The patients were studied as two groups when analyzing the impact of gut decontamination. One group comprised the patients who received rifaximin for gut decontamination, the other group comprised the patients who did not receive gut decontamination.

In order to eliminate the interference of other factors on the analysis results, the influence of related clinical factors was also estimated. The variables were selected based on scientific interest or prior knowledge of any possible relationship with MPA concentration.

Study population

The study was conducted in accordance with the Declaration of Helsinki (as revised in 2013). The study was approved by Ethics Committee of Blood Diseases Hospital, Chinese Academy of Medical Sciences (No. IIT2021011-EC-1) and individual consent for this retrospective analysis was waived. Study exclusion criteria included: (I) patients who lacked measurement of their MPA C0 before or during CBP use; (II) patients who switched from IV to oral MMF during the study period; (III) combination therapy of rifampin with MMF; (IV) the immunosuppressive regimen, and the use of rifaximin and proton pump inhibitors did not meet the requirements (eligibility criteria are described in the ‘GVHD prophylaxis and other treatment’ section).

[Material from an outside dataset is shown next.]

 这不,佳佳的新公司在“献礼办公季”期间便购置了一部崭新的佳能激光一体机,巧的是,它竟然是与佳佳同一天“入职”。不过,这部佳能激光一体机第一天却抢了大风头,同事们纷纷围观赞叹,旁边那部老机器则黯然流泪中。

In addition, the MPA C0 during diarrhea (watery stools or daily defecation times >3) and during the use of montmorillonite powder was not collected for the analysis, to avoid the confounding effect of diarrhea on the MPA C0.

Blood concentration monitoring

The MPA C0 was determined weekly by an enzyme multiplied immunoassay technique (EMIT, Viva-ETM, Siemens, Germany). Blood samples were collected prior to administration of the morning medications, and at least 4 days after MMF initiation to avoid analysis of samples taken before steady-state conditions. Samples for the MPA assay were drawn through indwelling catheters not used for infusion of MMF and were placed in EDTA-K2 anticoagulant tubes.

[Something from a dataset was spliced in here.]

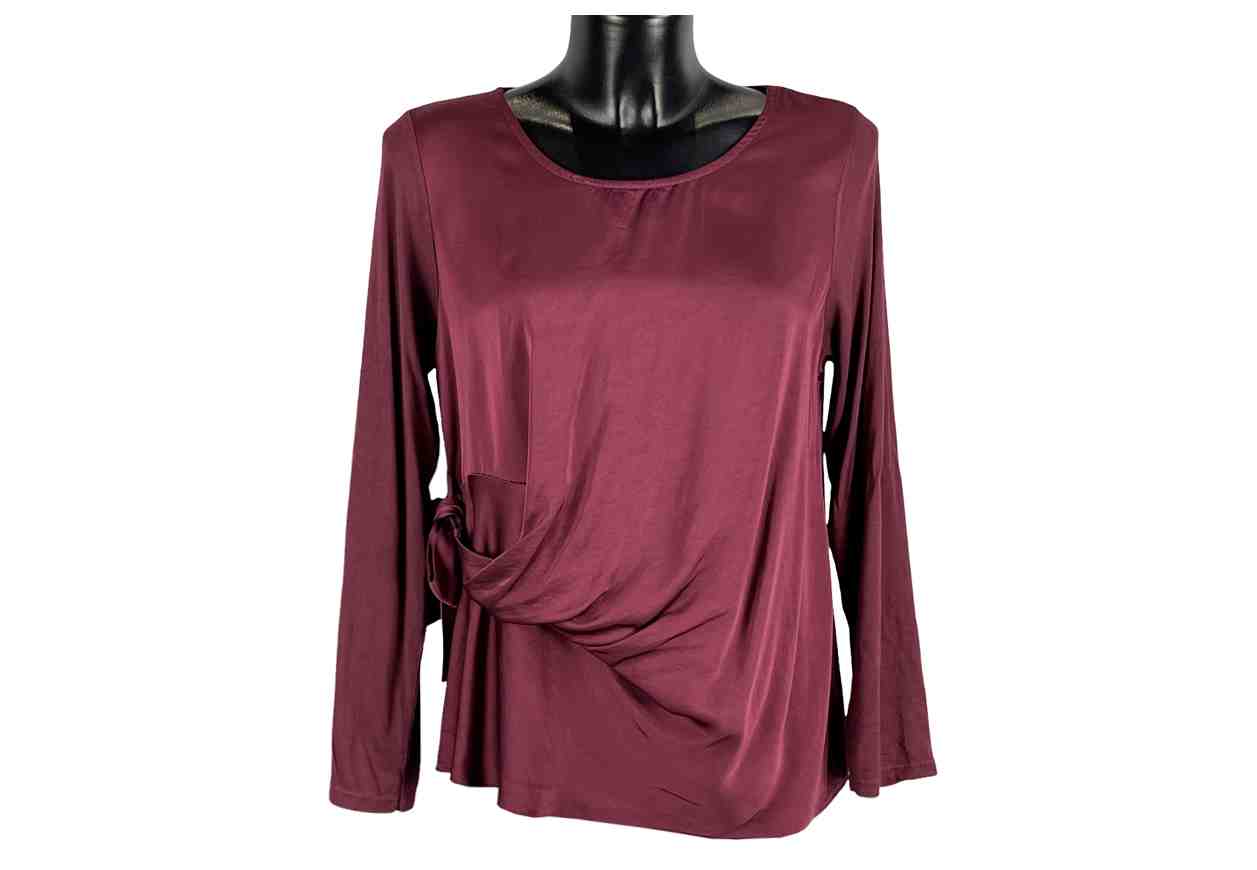 PINK LOVE Blusa in tinta unita con nodo laterale, girocollo e manica lunga.

The calibration curve for the Viva-E instrument was linear over a range of 0.1–15 µg/mL. The accuracy of the monitoring results was determined by comparing the observed concentration with the nominal concentration of the quality control samples at three concentration levels. The accuracy deviation values were all within 100±15% of the actual values at each quality control level.

Data collection

Patients’ information was followed up during the sample collection period. The follow-up information was obtained from the medical record and included liver/renal function, demographic information, albumin (ALB)/cyclosporine concentration, MPA C0 and medication information.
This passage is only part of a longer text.